→ Data in this exercise:
+++

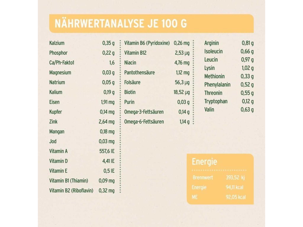 0,5% prášek z vaječných skořápek; 0,1% rakytníku; bylinky (rozmarýn, tymián, majoránka); 0,1% konopný olej; 0,1% strouhaný kokos; 0,1% křemelina
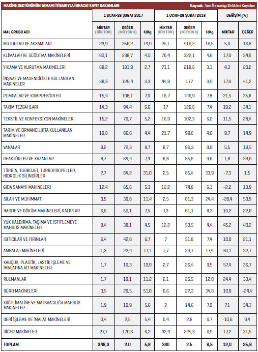 Makine sektöründe 2018 yılının Ocak-Şubat döneminde en fazla ihracat gerçekleştiren alt sektör motorlar oldu. 2017 yılının OcakŞubat döneminde söz konusu ürün grubunda gerçekleştirilen ihracat 356,2 milyon dolarken 2018 yılının aynı döneminde bu rakam yüzde 16,8 artışla 416,2 milyon dolar seviyesinde kaydedildi. Listenin ikinci sırasında bulunan klimalar ve soğutma makineleri kaleminde 2017 yılının Ocak-Şubat döneminde 238,7 milyon dolarlık ihracat gerçekleştirilirken 2018 yılının aynı döneminde bu rakam yüzde 34,9 artışla 322,1 milyon dolara yükseldi. 2018 yılının Ocak-Şubat dönemi itibarıyla makine sektöründe en fazla ihracat gerçekleştiren üçüncü sıradaki mal grubu ise 218,6 milyon dolarla yıkama ve kurutma makineleri oldu. Söz konusu ürün grubunda 2017 yılının aynı döneminde 181,9 milyon dolarlık ihracat gerçekleştirilmişti. Yıkama ve kurutma ürün grubunda yaşanan ihracat artışı yüzde 20,2 oldu.
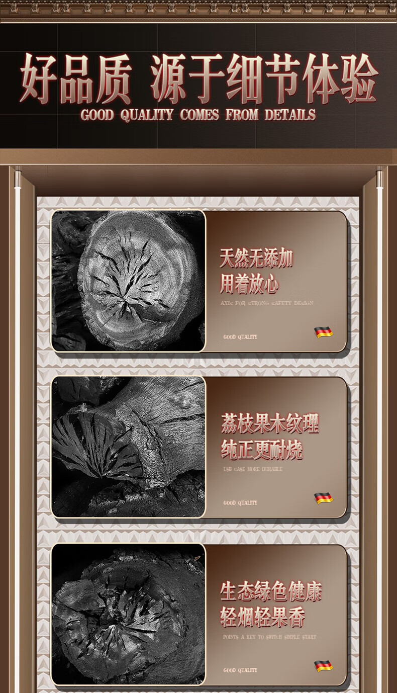 这款烧烤碳不错,太棒了,易燃耐烧,打火机一点就着,燃烧持久,烤完整场聚会都不用频繁添碳。无烟无味,烤出的食物没有怪味,灰烬少,清洁超省心,无限回购!
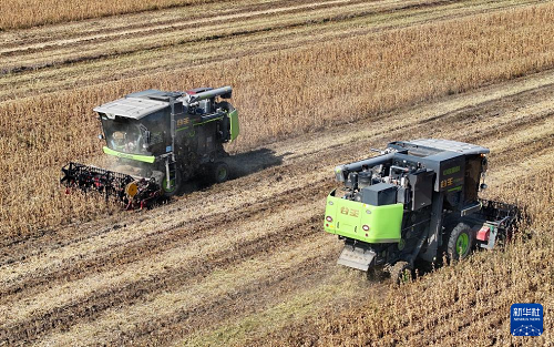 10月21日,收割機在天津市薊州區(qū)下窩頭鎮(zhèn)收獲大豆(無人機照片)。(新華社記者 李然 攝)
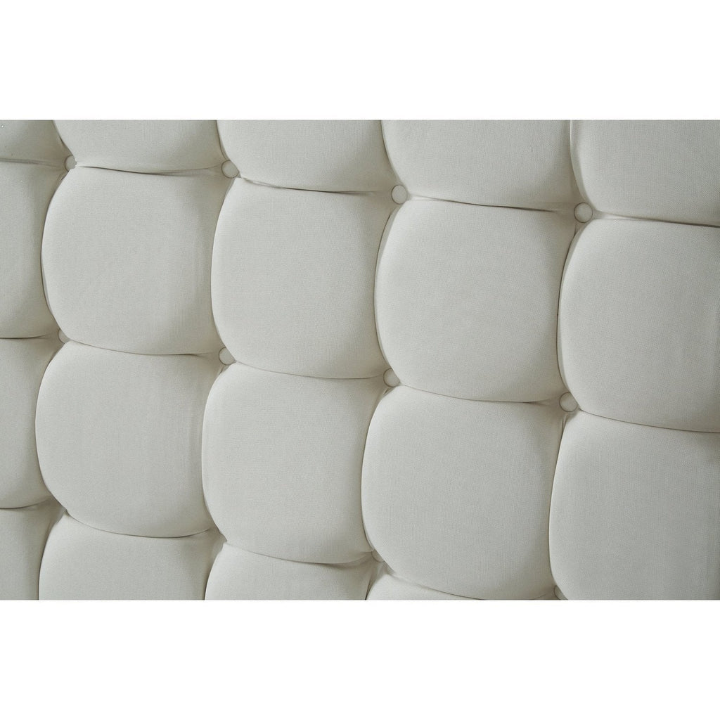 - BUTTON TUFTED - Glam button tufting on headboard enhances distinguished silhouette of this marvelous contemporary design.

+++

→ Task statement: An exact reproduction of the lines from the line containing "10月21日,收割機在天津市薊州區(qū)下窩頭鎮(zhèn)收獲大豆(無人機照片)。(新華社記者 李然 攝)" through the end of the listing above is needed; pictures stay out.

→ Result of this task:
 10月21日,收割機在天津市薊州區(qū)下窩頭鎮(zhèn)收獲大豆(無人機照片)。(新華社記者 李然 攝)
 - BUTTON TUFTED - Glam button tufting on headboard enhances distinguished silhouette of this marvelous contemporary design.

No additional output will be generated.